Magnolia Residents Take a Nibble Out of Crime
The Seattle Weekly's Rick Anderson pointed us to what may be the greatest unintentional comedy festival in Internet history.
Following a series of nearly thirty break-ins, Magnolia residents have turned to the internets to catch the burgular, through a series of extremely misguided tips.
—We had a young white male with a green hooded sweatshirt knock on our door and ask if we would like to sign up for evironmental action support. He walks with a noticeable limp. It seemed really suspicious...I reported this to 911.—[A]round 8:15 pm someone knocked on our door while we were watching American Idol. We weren't expecting anyone and didn't want to be disturbed so we didn't answer and they went away… What do you think they are jotting down after the rest of you have opened up the door?Clues on how to break in?
—This is precisely why we all need to vote Republican. We need to be able to defend ourselves. The barbarians are at the gates people.

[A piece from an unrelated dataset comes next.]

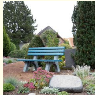
Naturruh „Mosegarten“ 1 Pers. 3639.50 € / 2 Pers. 5368.26 €
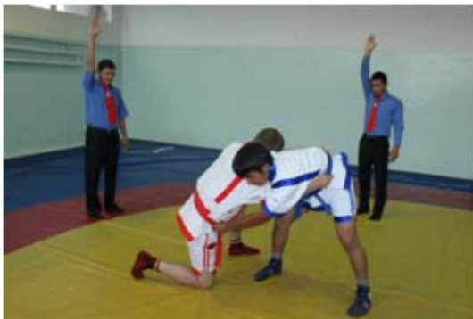
17 – сурет.

—Has anyone considered taking matters into out own hands and organizing some sort of patrols? If we can't count on those bureaucrats to protect us then it seems the burden falls to us.

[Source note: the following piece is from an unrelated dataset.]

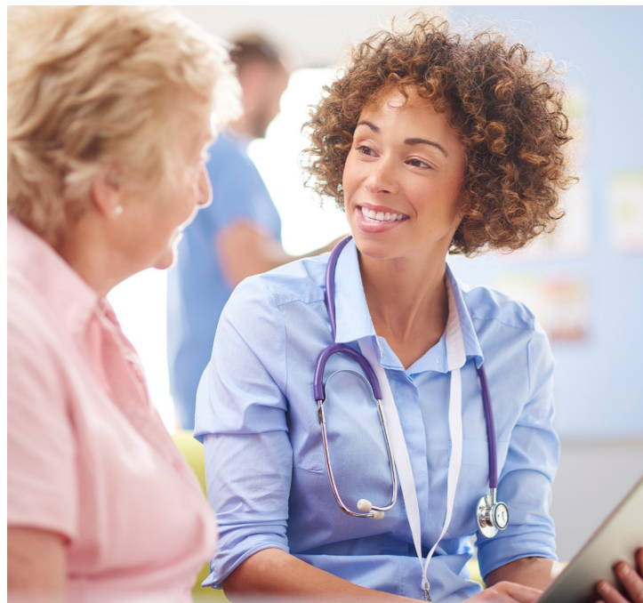
Ondersteuning bij klinische besluitvorming

EBSCO biedt bronnen en tools die de medische gemeenschap wereldwijd informeren en helpen zorgresultaten te verbeteren. Het aanbod bestaat uit evidence-based oplossingen voor klinische en gezamenlijke besluitvorming, peer-reviewed wetenschappelijke onderzoeksinformatie en meer.
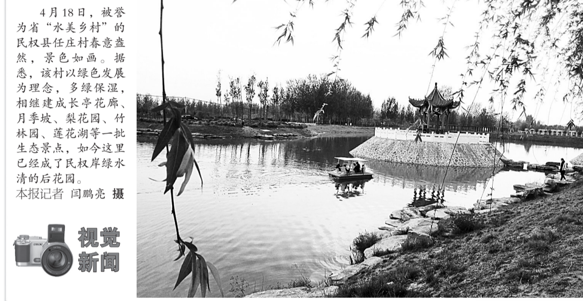
4月18日,被誉为省“水美乡村”的民权县任庄村春意盎然,景色如画。据悉,该村以绿色发展为理念,多绿保绿,相继建成长廊花廊、月季坡、梨花园、竹林园、莲花湖等一批生态景点,如今这里已经成了民权岸绿水清的后花园。

(Then there is this one that we have edited in a completely unfair and inethical manner:)
—We had a young black female come to our house tonight at 8:30…My 10 year old proceeded to turn on our alarm immediately!
(Sorry about that, we couldn't help ourselves.)
Outcry over pampered bureaucrats, vigilante patrols, nighttime calls to 911, what is going on in our beloved Magnolia?
Please tell us there's a town hall meeting planned for Magnolia residents to air these "grievances." We can't wait to see if the cops keep a straight face.